In one of the spandrels is a representation of Venus and Jupiter, perhaps executed by Giovanni Francesco Penni after Raphael’s design, with Jupiter himself providing the inspiration for the figure shown here. Sassoferrato makes some subtle but key modifications, showing him at a younger age, with dark instead of white hair, and holding a club instead of a thunderbolt. The attribute of the club, and the more youthful appearance of the figure, indicate that this is a representation of Hercules.

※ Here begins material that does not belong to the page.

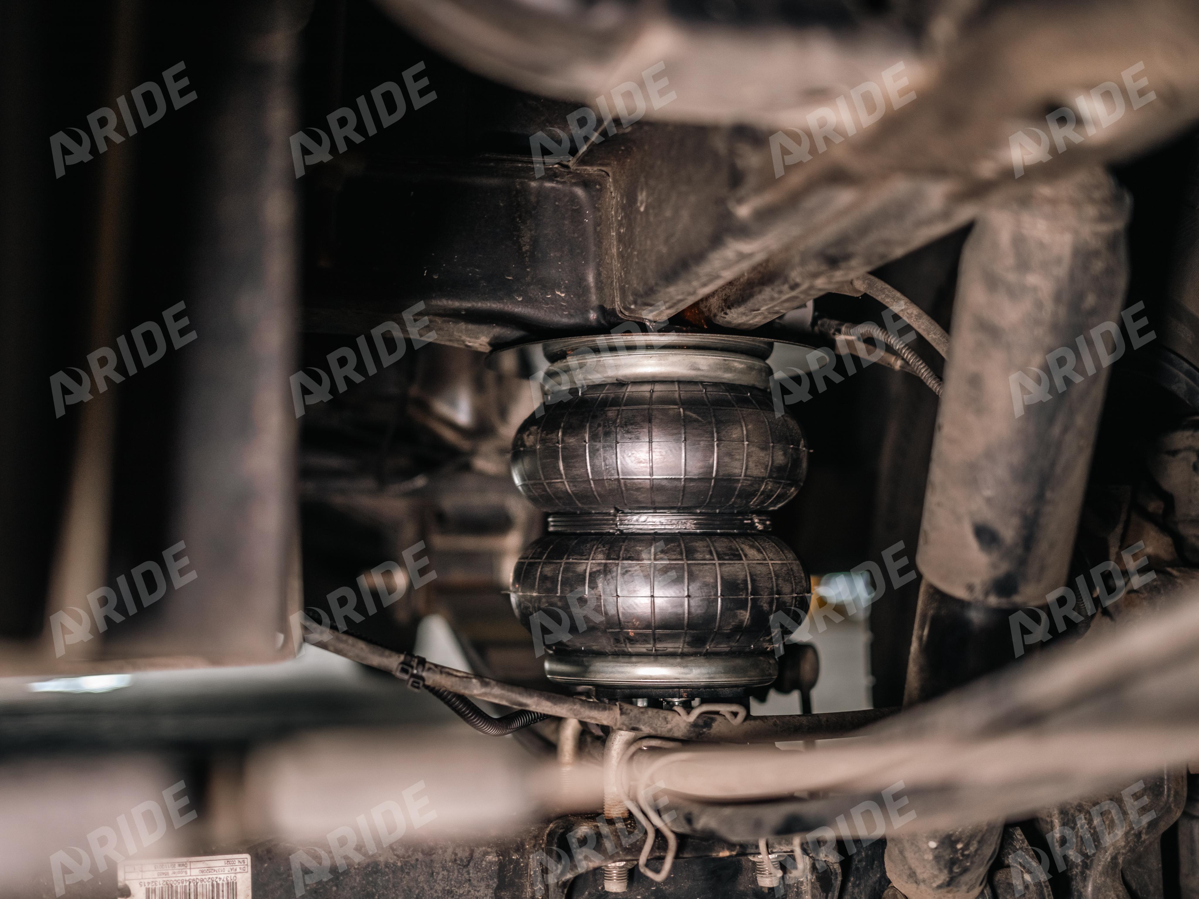 Для снятия нагрузки с рессор, увеличения клиренса и грузоподъёмности, на автомобиль был установлен комплект вспомогательной пневматической подвески. Так же была установлена двухконтурная система управления с 5 литровым ресивером. Такая система позволяет максимально быстро обеспечить нужное давление в пневмоподушках, а так же даёт возможность для подключения дополнительного оборудования, в виде пневматического сигнала или подкачки шин.

Intriguingly, there is mention of a representation of Hercules in the 1788 inventory of the Veronici family, direct descendants of Sassoferrato (F. Macé de Lèpinay (ed.), Il Sassoferrato. La devota bellezza, 2017, p. 289). It is possible that this rediscovered canvas can be identified with the Hercules in the Veronici list, which raises the tantalising possibility that, as the inventory itself indicates, Sassoferrato’s output may have been broader and his range of subject matter more wide-ranging, than had been previously anticipated.